All examples we’ll walk through need pandas:

import pandas as pd

To generate correlation plots for your data frame, import the corr_plot function from the eazieda.corr_plot module:

from eazieda.corr_plot import corr_plot

Then pass your data frame (df) and the columns you want to generate the plots for:

corr_plot(df, ['column1','column2','column3'])

This will give you an interactive correlation plot implemented in altair Make sure to pass at least two columns to get the correlation!

To generate histograms and bar plots from your data, import the histograms function from the eazieda.histograms module:

from eazieda.histograms import histograms

Then pass your data frame (df) and the columns you want to generate the plots for:

histograms(df, ['numeric_column', 'categorical_column'],num_cols=2)

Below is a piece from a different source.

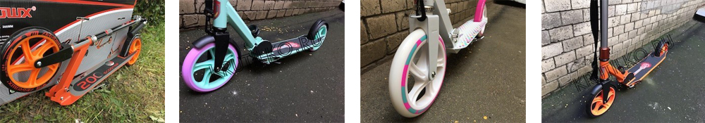 - Модели с полиуретановыми колесами отличаются максимальной скоростью и мобильностью – именно эти модели являются наиболее популярными и чаще всего приобретаются для комфортной городской езды. Размер колес в них колеблется от 12,5 до 20 см, причем чем больше колеса, тем большую скорость способен развить самокат.

This will give you a combined histogram (for numeric columns) and bar plot (for categorical columns) implemented in altair. You can control the number of columns using num_cols and the plot dimensions with plot_width and plot_height

To detect missing data in your dataframe, import the missing_detect function from the eazieda.missing_detect module:

from eazieda.missing_detect import missing_detect

To detect the missing data, do this:

df = pd.DataFrame([[1, "x"], [np.nan, "y"], [2, np.nan], [3, "y"]],
columns = ['a', 'b'])
missing_detect(df)

You will get a data frame back which has the number of missing values and their corresponding percentage

To deal with missing data in your dataframe, import the missing_impute function from the eazieda.missing_impute module:

from eazieda.missing_impute import missing_impute

To impute the missing data, do this:

df = pd.DataFrame([[1, "x"], [np.nan, "y"], [2, np.nan], [3, "y"]],
columns = ['a', 'b'])
missing_impute(df)

You will get an imputed data frame back. You can control the type of imputation with method_num and method_non_num

To detect outliers in your data, import the outliers_detect function from the eazieda.outliers_detect module:

from eazieda.outliers_detect import outliers_detect

To detect the outliers do this:

s = pd.Series([1,1,1,1,1,1,1,1,1,1,1e14])
outliers_detect(s)

You can control the method used to detect the outliers with method. You can choose one of iforest, iqr or zscore

To remove outliers in your data, import the remove_outliers function from the eazieda.outliers_detect module:

from eazieda.outliers_detect import remove_outliers

To remove the outliers, do this:

s = pd.Series([1,1e14])
outliers = np.array([False,,True])
s_without_outliers = remove_outliers(s, outliers)

You can choose to do the removal in place with inplace=True